In een hoek van gebouw Het Lab zit de praktijkruimte van Jeroen Wessels. Met aan twee kanten uitzicht op het terrein van Lijm & Cultuur. De zon schijnt over de Schie. “Ik was een beetje bang dat er hier veel herrie zou zijn, maar gelukkig valt het mee,” vertelt Jeroen. Er staat een imposante stoel die uitnodigt om in te relaxen. Jeroen is hypnotherapeut en helpt cliënten om onbewuste patronen te doorbreken. “Je moet het bewuste zien als een topje van de ijsberg. Je hoofd wil van alles, bijvoorbeeld stoppen met roken, maar die krijgt het maar niet voor elkaar. Dat komt omdat het onbewuste het nog niet snapt. Je onderbewuste is niet vatbaar voor logica, die heeft iets anders nodig.”
Hypnose klinkt als iets heel spannends, maar dat valt eigenlijk best mee: “Je onderbewuste wordt aangesproken door beelden, verhalen en metaforen.

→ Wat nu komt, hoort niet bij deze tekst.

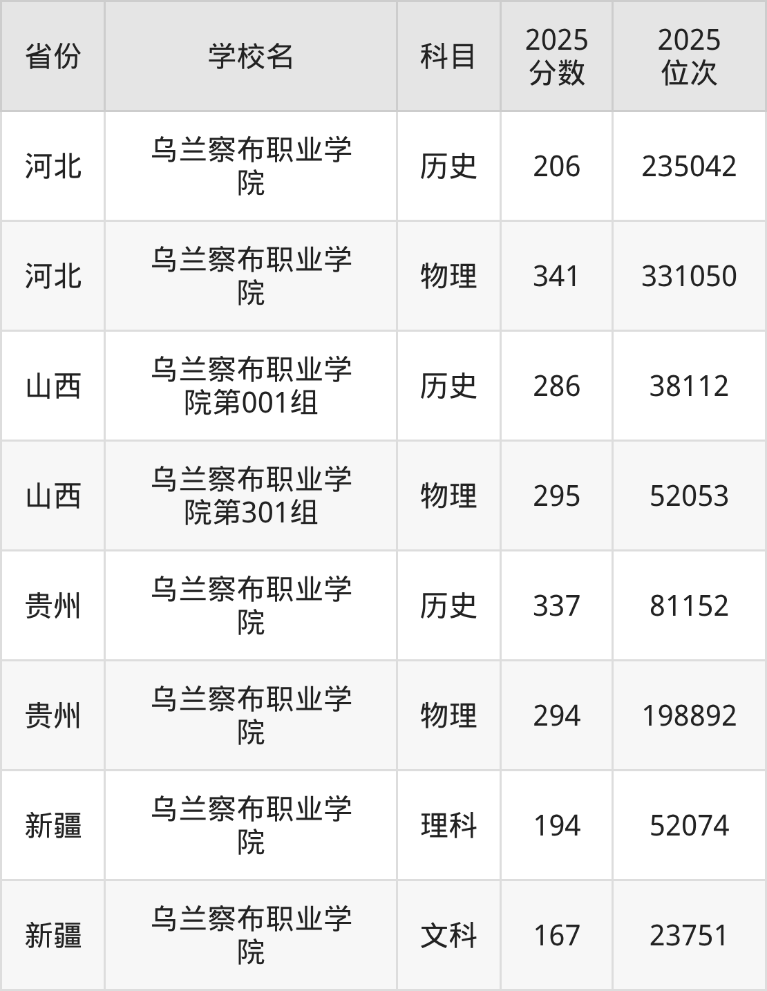 下面是乌兰察布职业学院2025年录取分数线各省汇总,一起来了解下吧。

Zo neem ik je mee in een staat van zijn die heel erg lijkt op dagdromen, of een ‘flow’ waarin je helemaal de tijd vergeet.” Volgens Jeroen hebben mensen vaak niet eens door dat dit hypnose is. “Het brein, dat topje van de ijsberg, babbelt vaak vrolijk door. Maar ondertussen zijn we bezig om het onderbewuste aan het werk te zetten.” Om tot die diepte te kunnen doordringen gebruikt Jeroen allerlei technieken. “Wat mensen vertellen met hun brein is hun cognitie. Die weet het vaak leuk te verwoorden, maar de onderliggende patronen en gedragingen vertellen vaak wat anders. Met hypnose, visualisaties en bijvoorbeeld handgebaren krijg je contact met iemand op een heel andere manier.”
De sessies van Jeroen kunnen best intens zijn, maar hij verkoopt geen ellenlange trajecten: “Meestal zijn we er na een sessie of twee, drie er wel uit. Je ziet snel resultaat. Ik krijg mensen in mijn praktijk die al na één keer geen sigaret meer aanraken. Ik zie mensen die gewicht willen verliezen en dat nooit lukte. Met hypnose kunnen ze zichzelf een ‘virtuele maagband’ geven. Na zo’n sessie zitten ze plotseling veel sneller vol, ook al kunnen ze het bijna niet geloven. Met hypnose spreek je het zelfhelend vermogen van het onderbewuste aan, en dat is veel krachtiger dan het bewuste, topje van de ijsberg.”